The chloroplast genome of S. miltiorrhiza has been sequenced and its detailed structure provides an excellent basis for systematic analyses [29]. Its more variable non-coding regions could be readily used for intra- and inter-specific phylogenetic studies.

As one of China’s traditional bulk medicinal materials, S. miltiorrhiza has been playing increasingly important roles in clinical and health-care utilization. However, the random introduction of unidentified source varieties in production and nonstandard management have resulted in a chaotic variety sources and unstable quality; and studies concerning the genetic diversity and molecular identification of the germplasm resources have been also inadequate. So far as we known, no reports on the genetic diversity of the cultivated S. miltiorrhiza populations have been seen. In this study, the nuclear ETS and three chloroplast intergenic spacers of the 40 cultivated S. miltiorrhiza populations in China were for the first time analyzed in order to identify the SNP fingerprints, understand the genetic diversity and phylogeny both individually and in combination. A basis for the protection, introduction, domestication, novel variety selection, and breeding of the cultivated S. miltiorrhiza germplasm resources, was provided.

Materials and methods

Sampling

Seeds of 40 cultivated S. miltiorrhiza populations representing more than 30 regions of China were collected from three major seed industries (Table 1). Uniform seeds preliminarily selected were used for sowing in Southwest University Agricultural Station, Chongqing; and leaves of morphologically representative single plants of each population were used for extraction of genomic DNAs.

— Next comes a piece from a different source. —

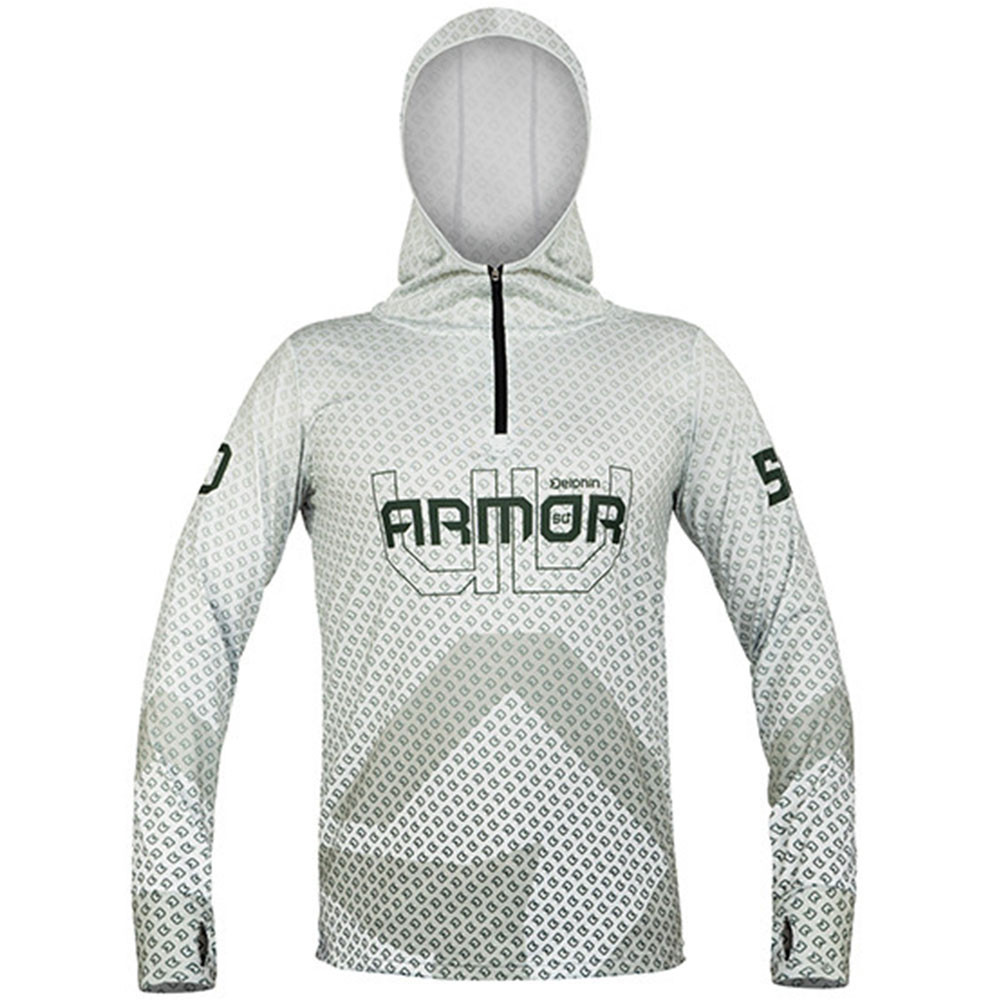 Das Delphin UV Armor 50+ Neon Kapuzen-Langarmshirt bietet perfekten Schutz vor der Sonne an Sommertagen. Das Material mit UPF 50+ Schutz bewahrt Ihre Haut vor Sonnenbrand, und sein Gefühl ist selbst an den heißesten Tagen kühl. Da unser Kopf sehr schnell überhitzen kann, verfügt das Oberteil über einen hohen Kragen und eine Kapuze. Außerdem sind die Ärmel extra lang und haben Daumenschlaufen, um auch Ihre Hände zu schützen. Es besteht aus weichem, elastischem Material, das schnell trocknet, falls es beim Angeln nass wird. Sowohl das Oberteil als auch der Aufdruck darauf sind von ausgezeichneter Qualität. Material: 90% Polyester, 10% Elasthan.

Table 1. Cultivated S. miltiorrhiza populations used in this study.

No. Population/Voucher Production Region Source No. Population/Voucher Production Region Source
01 V-HBAG-V-2 Anguo, Hebei Hebei Fenghong Seed Industry 21 B-SCZJ-V-2 Zhongjiang, Sichuan Hengda Seed Industry
02 V-CQ-V-2 Chongqing Hengda Seed Industry 22 B-SD-V-1 Shandong Tongda Seed Industry
03 V-JXJA-V-2 Ji-an, Jiangxi Jiangxi Hengda Seed Industry 23 R-HBAG-V-2 Anguo, Hebei Fenghong Seed industry
04 V-JLCC-V-2 Changchun, Jilin Hengda Seed Industry 24 R-HNFC-V-2 Fangcheng, Henan Hengda Seed Industry
05 V-JSSY-V-2 Shuyang, Jiangsu Hengda Seed Industry 25 R-SDJX-V-2 Juxian, Shandong Hengda Seed Industry
06 V-GZ-V-1 Guizhou Tongda Seed Industry 26 R-GX-V-2 Guangxi Hengda Seed Industry
07 V-GD-V-1 Guangdong Tongda Seed Industry 27 R-NM-V-2 Nemeng Hengda Seed Industry
08 V-GD-V-2 Guangdong Hengda Seed Industry 28 R-HNCS-V-2 Changsha, Hunan Hunan Hengda Seed Industry
09 V-GSLX-V-2 Longxi, Gansu Fenghong Seed industry 29 R-GSJQ-V-2 Jiuquan, Gansu Hengda Seed Industry
10 V-BJ-V-2 Beijing Fenghong Seed industry 30 W-SCHY-W-1 Hongyuan, Sichuan Self-collected
11 V-YNLJ-V-2 Lijiang, Yunnan Hengda Seed Industry 31 W-SXXA-bV-2 Xi’an, Shaanxi Hengda Seed Industry
12 V-GZZY-V-2 Zunyi, Guizhou Hengda Seed Industry 32 W-LNSY-V-2 Shenyang, Liaoning Hengda Seed Industry
13 V-SC-V-1 Sichuan Tongda Seed Industry 33 W-FJLY-V-2 Luoyuan, Fujian Hengda Seed Industry
14 V-SD-V-1 Shandong Tongda Seed Industry 34 W-GZ-V-1 Guizhou Tongda Seed Industry
15 V-JS-V-1 Jiangsu Tongda Seed Industry 35 W-SD-V-1 Shandong Tongda Seed Industry
16 V-HNYZ-bV-2 Yongzhou, Hunan Hengda Seed Industry 36 W-JS-V-1 Jiangsu Tongda Seed Industry
17 B-SC-V-1 Sichuan Tongda Seed Industry 37 W-SC-V-1 Sichuan Tongda Seed Industry
18 B-AHQJ-V-2 Quanjiao, Anhui Hengda Seed Industry 38 W-GD-V-1 Guangdong Tongda Seed Industry
19 B-GD-V-1 Guangdong Tongda Seed Industry 39 W-HBJM-V-2 Jingmen Hubei Hengda Seed Industry
20 B-JS-V-1 Jiangsu Tongda Seed Industry 40 W-YNLJ-V-2 Lijiang, Yunnan Hengda Seed Industry

Methods

Genomic DNA extraction

The total genomic DNA of S. miltiorrhiza was extracted by the CTAB method [30], the purity was confirmed by 1% agarose gel electrophoresis, and was stored at -20°C.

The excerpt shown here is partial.